● **Work task**:
Would you please set down, word for word, the lines from the one with "不論玩家的興趣有多小衆,在遊" through the final line of the data below, omitting any pictures?
Segment Start: Data for this task
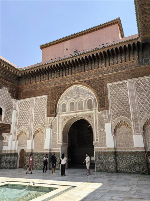 ​​​​​​​       走在菲斯老城蜿蜒的巷道中,他常会停下脚步,指着门楣、石碑或陶器上的阿拉伯文字,轻声解读:“这行字是‘愿平安降临于此’,那块砖上刻的是建造者的名字和年份。”他主修阿拉伯文学,对字体演变、书法流派如数家珍,连我们看不懂的装饰性库法体,他也能辨出其中的经文片段。
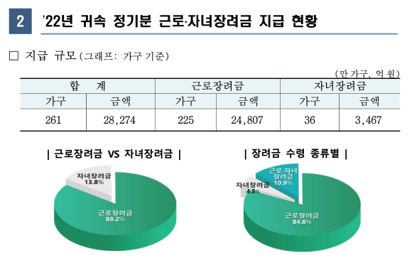 국세청에서는 가구당 소득에 따라 근로장려금, 자녀장려금을 매년 지급하고 있습니다.
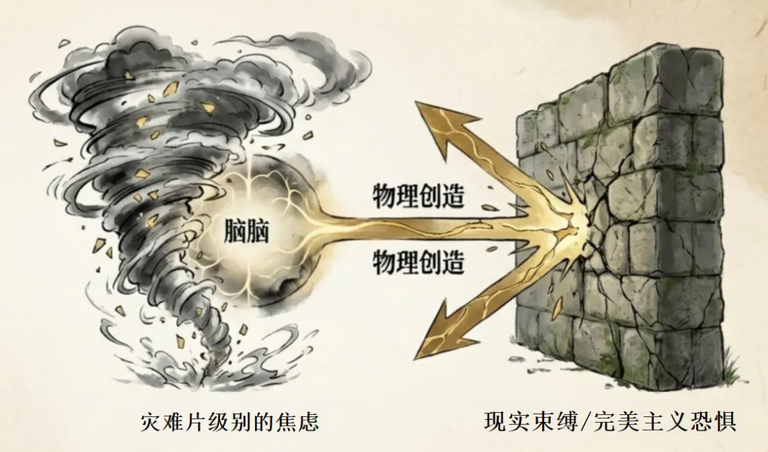 它被困在了你的大脑皮层里。既然你不允许它在现实三维世界中去构建美好的事物,它就会在你的脑海中去构建最宏大的灾难片。你的焦虑有多深,你在平行时空里的创造力就有多强。
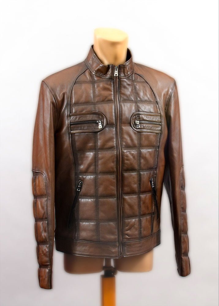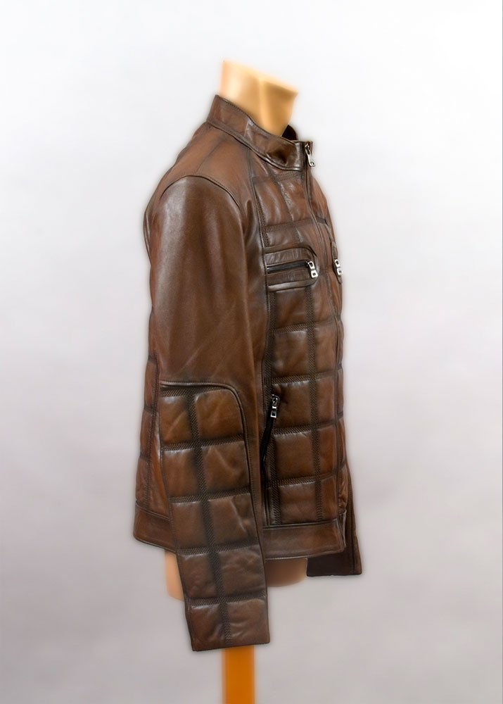 Δερμάτινο καπιτονέ ανδρικό μπουφάν χρώματος antique από 100% μαλακό δέρμα αρνιού σε επεξεργασία νάπα.
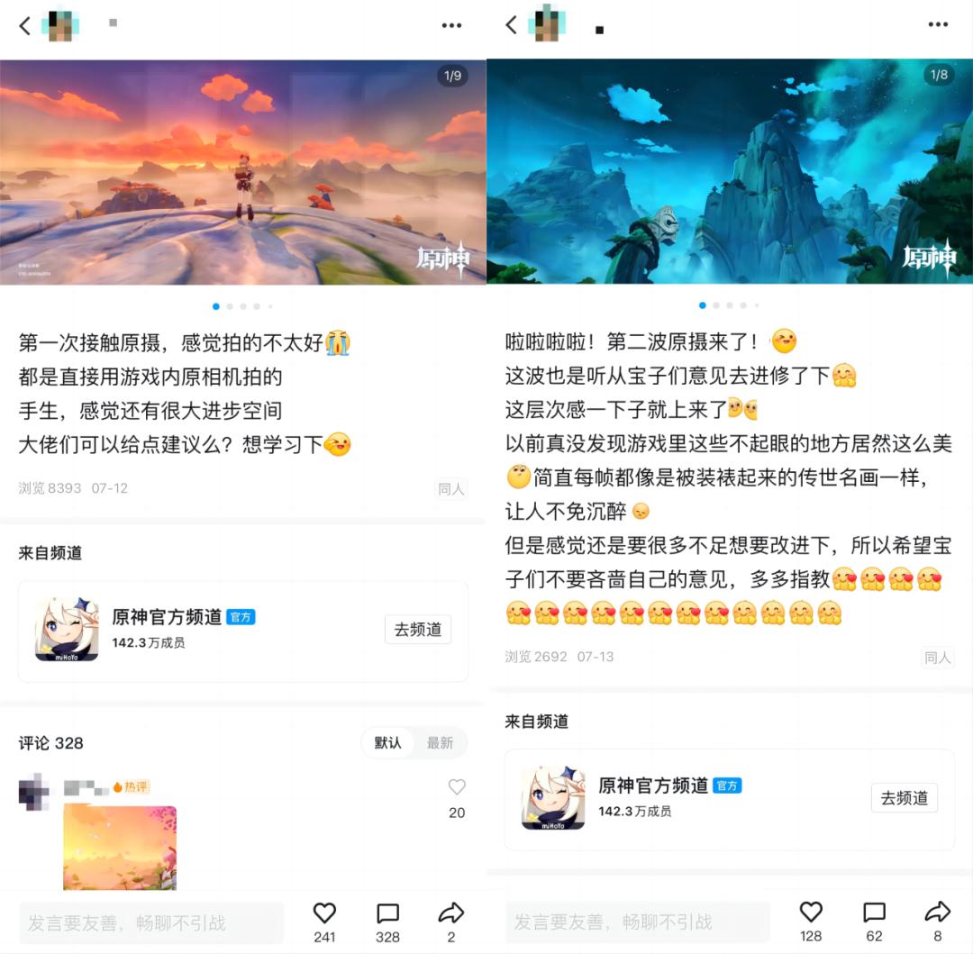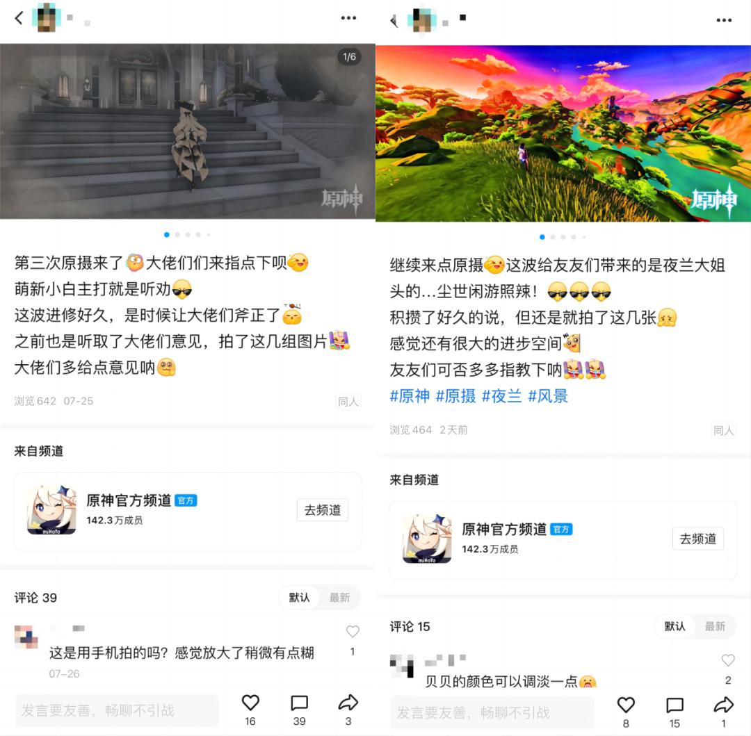 不論玩家的興趣有多小衆,在遊戲裏的關注點有多偏門,基本都可以在這裏找到志同道合的頻道。拿《原神》來說,從cosplay、表情包,到原攝(在《原神》裏專注攝影)、原壺(塵歌壺是《原神》中的道具之一,爲玩家開啓壺中洞天,玩家可在此進行UGC創作搭建)……玩家需求越豐富、越具體,騰訊頻道也就越多、越細緻。
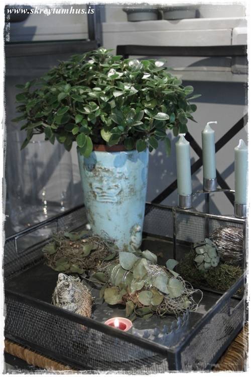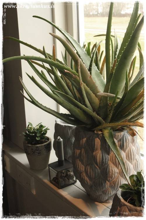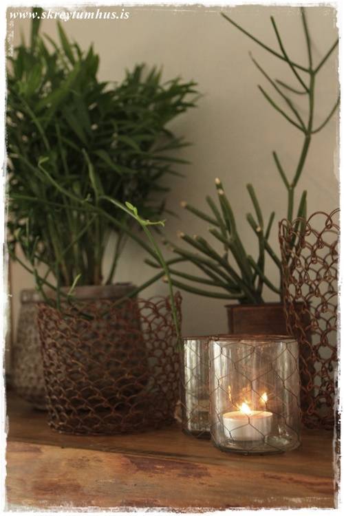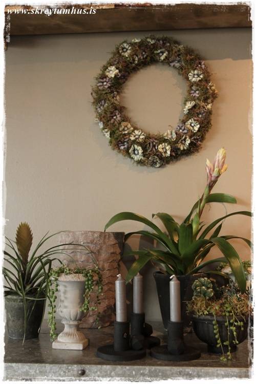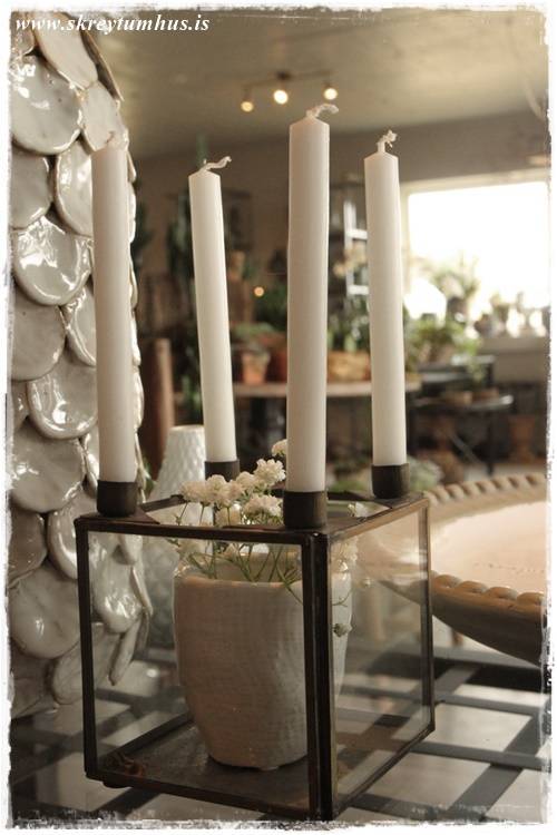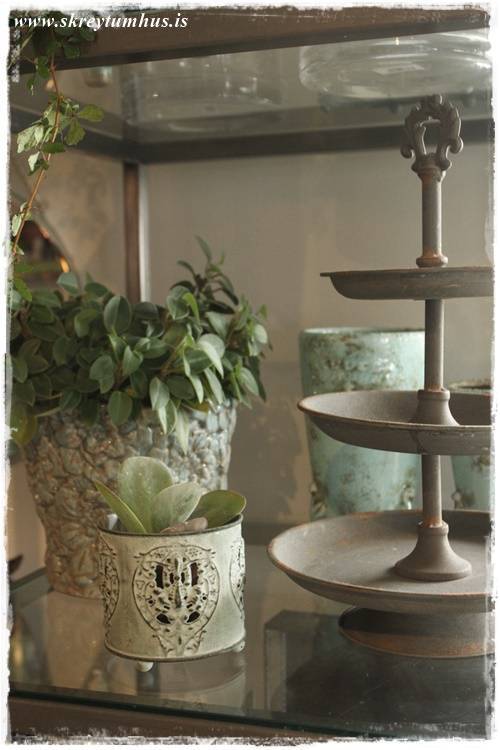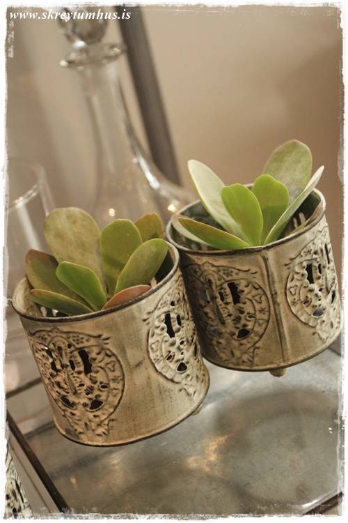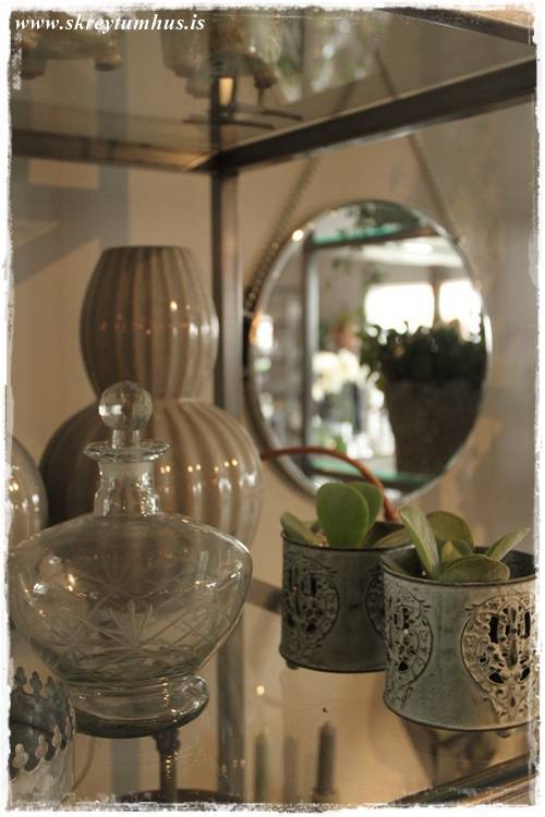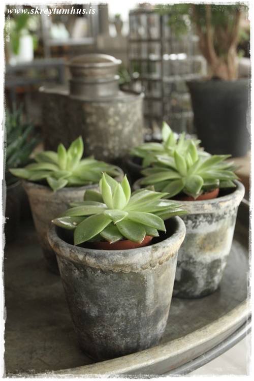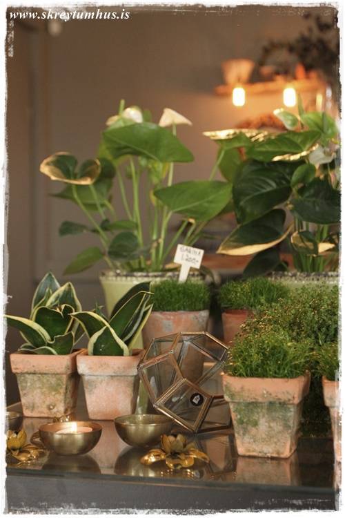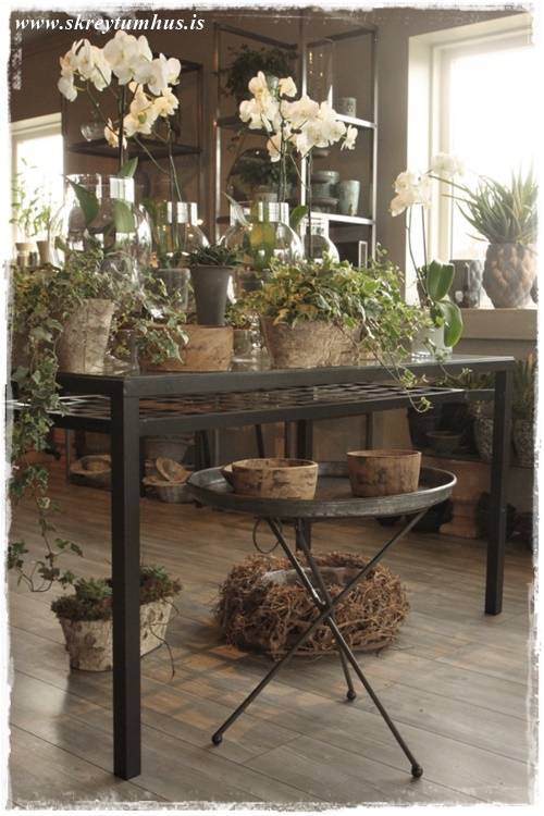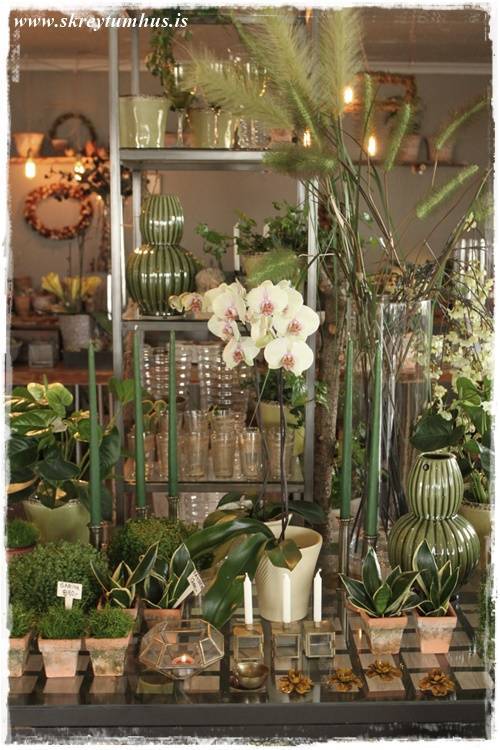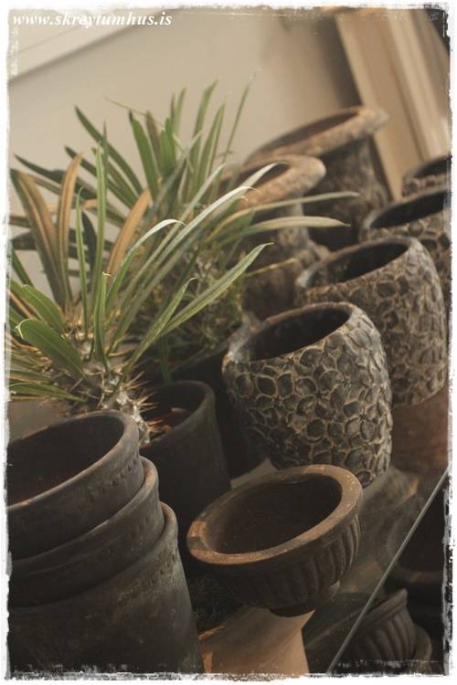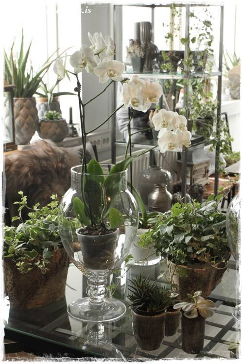 …eins og sést vel hér – orkídeurnar í glervösunum eru eins og perlur – eins og skart. Njóta sín svo vel með öllum grófu pottunum 🙂
Segment End: Data for this task
● **Completed task**:
 不論玩家的興趣有多小衆,在遊戲裏的關注點有多偏門,基本都可以在這裏找到志同道合的頻道。拿《原神》來說,從cosplay、表情包,到原攝(在《原神》裏專注攝影)、原壺(塵歌壺是《原神》中的道具之一,爲玩家開啓壺中洞天,玩家可在此進行UGC創作搭建)……玩家需求越豐富、越具體,騰訊頻道也就越多、越細緻。
 …eins og sést vel hér – orkídeurnar í glervösunum eru eins og perlur – eins og skart. Njóta sín svo vel með öllum grófu pottunum 🙂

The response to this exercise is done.